As for your comment about "cases where problems are expected, such as ICSI", I don't know what you're referring to. ICSI is used only when problems with initial fertilization are expected, not complications of an established pregnancy. ICSI stands for intra-cytoplasmic sperm injection, and is done when there is a problem with the man's sperm morphology, or where the couple has a history of low fertilization rate (and may not be clear whether the cause is male and/or female related), and increasingly, is done routinely in older women, since research has found that the outer layer of older eggs is more difficult for sperm to penetrate. I've never seen a hint of suggestion that ICSI pregnancies, once established, have a higher complication rate than than other pregnancies in which other factors are the same. There is a very slightly elevated incidence of urogenital tract abnormalities in babies born from ICSI procedures, but this is believed to be related to milder, often undetectable genetic problems with the father, which account for the abnormalities with the father's sperm and thus the need for ICSI. The studies that have shown this pre-date the fairly recent trend in routine ICSI for older women.

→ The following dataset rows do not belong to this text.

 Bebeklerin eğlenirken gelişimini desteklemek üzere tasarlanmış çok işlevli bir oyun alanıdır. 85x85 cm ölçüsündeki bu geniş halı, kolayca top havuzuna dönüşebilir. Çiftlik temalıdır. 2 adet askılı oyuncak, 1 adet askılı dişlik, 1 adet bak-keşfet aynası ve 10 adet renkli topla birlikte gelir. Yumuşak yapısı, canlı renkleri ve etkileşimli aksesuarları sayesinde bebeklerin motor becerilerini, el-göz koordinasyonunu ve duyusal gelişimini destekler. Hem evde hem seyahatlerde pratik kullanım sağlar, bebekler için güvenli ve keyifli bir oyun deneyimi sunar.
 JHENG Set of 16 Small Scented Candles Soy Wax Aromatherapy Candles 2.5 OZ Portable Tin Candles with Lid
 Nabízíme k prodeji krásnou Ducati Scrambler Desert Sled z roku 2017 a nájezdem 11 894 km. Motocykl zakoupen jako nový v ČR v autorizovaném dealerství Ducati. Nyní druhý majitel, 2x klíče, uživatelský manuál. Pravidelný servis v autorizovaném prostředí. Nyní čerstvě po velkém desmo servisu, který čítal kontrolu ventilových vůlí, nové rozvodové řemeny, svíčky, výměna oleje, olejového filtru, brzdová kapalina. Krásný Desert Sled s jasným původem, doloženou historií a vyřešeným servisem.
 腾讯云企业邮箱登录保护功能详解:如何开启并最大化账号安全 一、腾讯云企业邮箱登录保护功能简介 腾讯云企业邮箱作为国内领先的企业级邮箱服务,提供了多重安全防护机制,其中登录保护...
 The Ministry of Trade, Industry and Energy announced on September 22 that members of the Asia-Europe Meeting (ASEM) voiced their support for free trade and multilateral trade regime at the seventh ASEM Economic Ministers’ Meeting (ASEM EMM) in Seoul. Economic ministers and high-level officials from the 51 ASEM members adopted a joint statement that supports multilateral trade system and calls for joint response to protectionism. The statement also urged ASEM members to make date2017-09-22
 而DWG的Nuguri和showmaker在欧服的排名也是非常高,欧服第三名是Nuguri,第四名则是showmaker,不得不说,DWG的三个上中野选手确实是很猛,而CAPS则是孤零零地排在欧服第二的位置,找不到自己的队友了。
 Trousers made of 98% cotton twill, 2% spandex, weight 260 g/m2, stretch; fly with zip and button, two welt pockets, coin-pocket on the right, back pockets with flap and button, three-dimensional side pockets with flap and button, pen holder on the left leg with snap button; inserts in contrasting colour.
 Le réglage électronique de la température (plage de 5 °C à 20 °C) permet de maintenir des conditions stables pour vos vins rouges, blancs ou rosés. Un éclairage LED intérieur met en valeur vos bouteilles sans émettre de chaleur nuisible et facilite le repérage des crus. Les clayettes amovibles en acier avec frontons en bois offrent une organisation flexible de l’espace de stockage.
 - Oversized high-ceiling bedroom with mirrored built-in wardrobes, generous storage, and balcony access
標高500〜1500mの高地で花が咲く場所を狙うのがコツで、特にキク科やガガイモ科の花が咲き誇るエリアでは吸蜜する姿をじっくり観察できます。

As for immunosuppressive drugs, those are quite commonly used in women who are using their own eggs, and used in women of all ages. Some women have an immune system problem which causes their bodies to reject the embryo (which is usually from their own egg) as a foreign object. Most of these women have a history of repeated miscarriage of pregnancies using their own eggs, with no other factor to explain it. Again, no difference whatsoever in complication rates for pregnancies using their own eggs or donor eggs/embryos.